A study in the Solomon Islands by researchers from Australia found that five small islands have vanished, while six others lost significant acreage due to sea level rise. The authors say it's the first scientific confirmation of the dramatic impact of climate change...we have more, from Neal Conan in the Pacific News Minute.
None of the islands that disappeared were inhabited, but they were surrounded by reefs, covered in vegetation, and up to 12 acres in size. "They were not just little sand islands " according to Simon Albert, Senior Research Fellow at the University of Queensland School of Civil Engineering and the lead author of the study, published in Environmental Research Letters.
A larger island, Nuatambu, lost 11 houses and half its inhabitable area, forcing 25 families to relocate... Among them, 94 year old Sirilo Sutaroti, chief of the Paurata tribe. "The sea started to come inland," he told the researchers, "it forced us to move up to the hilltop and rebuild our village."
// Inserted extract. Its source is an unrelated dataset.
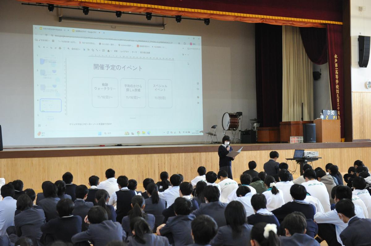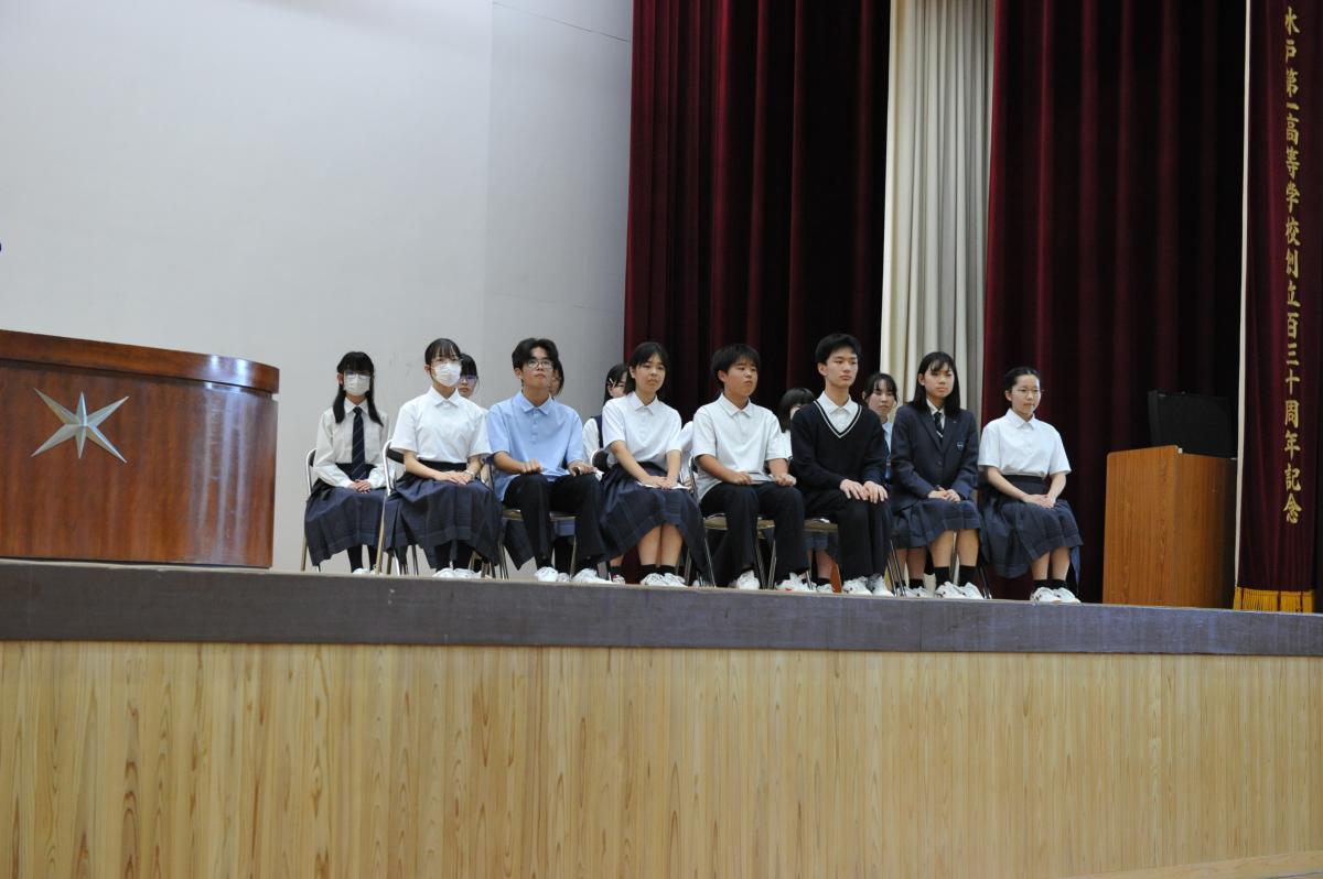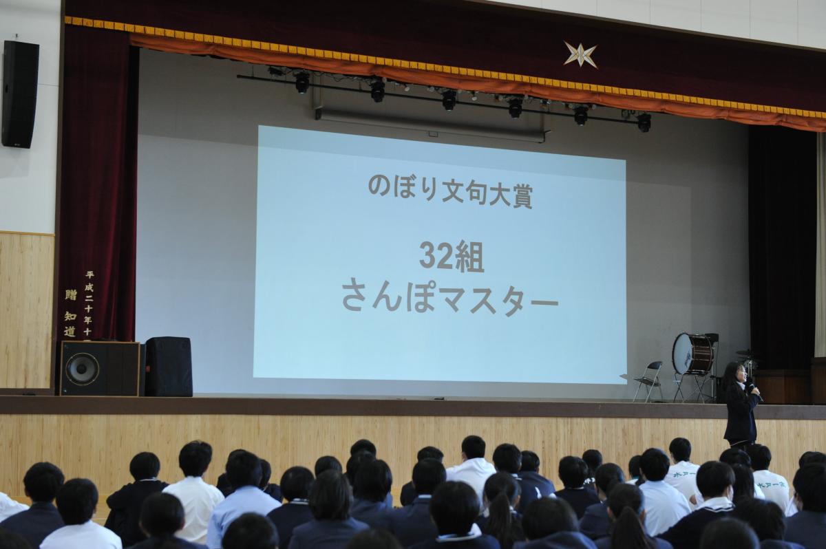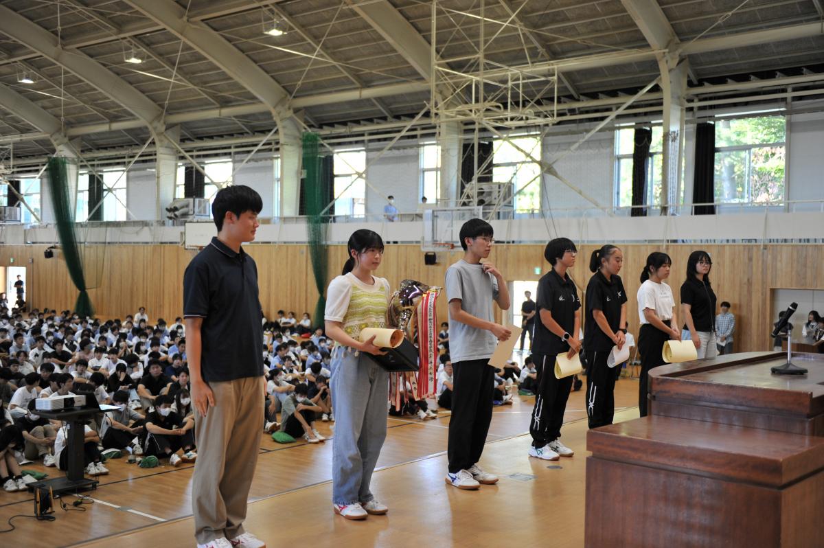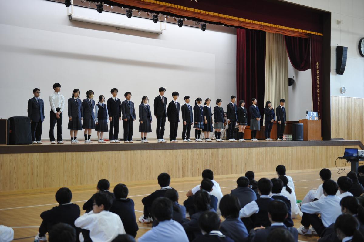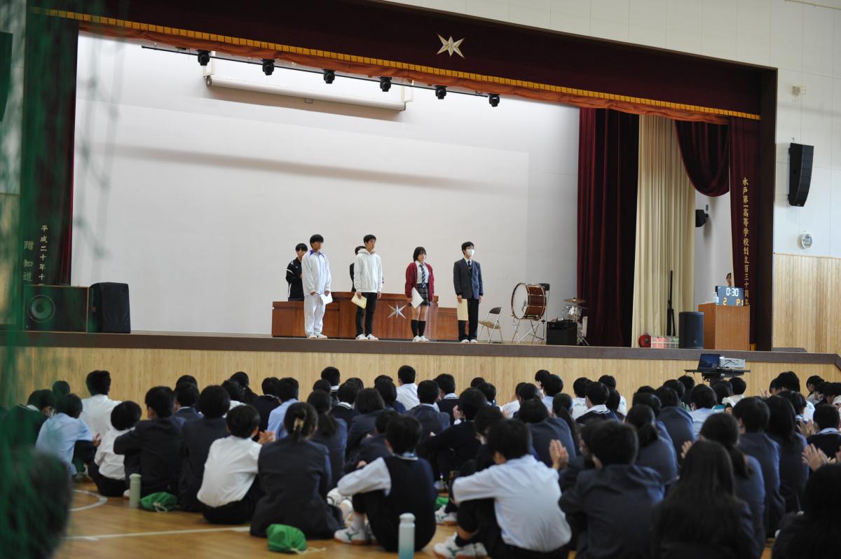 本日、後期最初の定例生徒集会を開催しました。校歌斉唱、校長講話、表彰(弓道部、英語研究会部、中学放送部)・壮行会(弓道部)、生徒会役員挨拶、のぼり文句大賞(「さんぽマスター」)の発表、中学生徒会報告、IBARAKIドリームパスの企画(中3戦跡ツアー)の紹介、自由討論(テーマ「後期生徒会に期待すること」)が行われました。
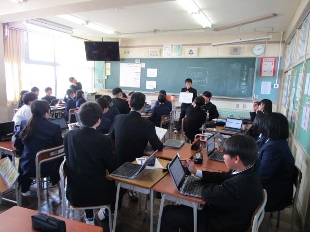 2年生は学級目標について話し合っています。それぞれの班で考えた意見をプレゼンし合うなど、活発に話し合いが行われていました。

The study examined the coastlines of 33 reef islands, using aerial and satellite images from 1947 to 2014, and researchers integrated that information with local traditional knowledge, radio carbon dating of trees, sea level records and wave models.
While other studies found that coral reef islands can hold their own and even grow as the sea rises, this study concluded that the rate of sea level rise is critical. In much of the Pacific, that may be less than a tenth of an inch per year, but in the Solomons, the researchers found the sea rising more than three times the global average, as much as four tenths of an inch per year.
That, they say, is more typical of the rate they expect to see across the Pacific in the second half of this century.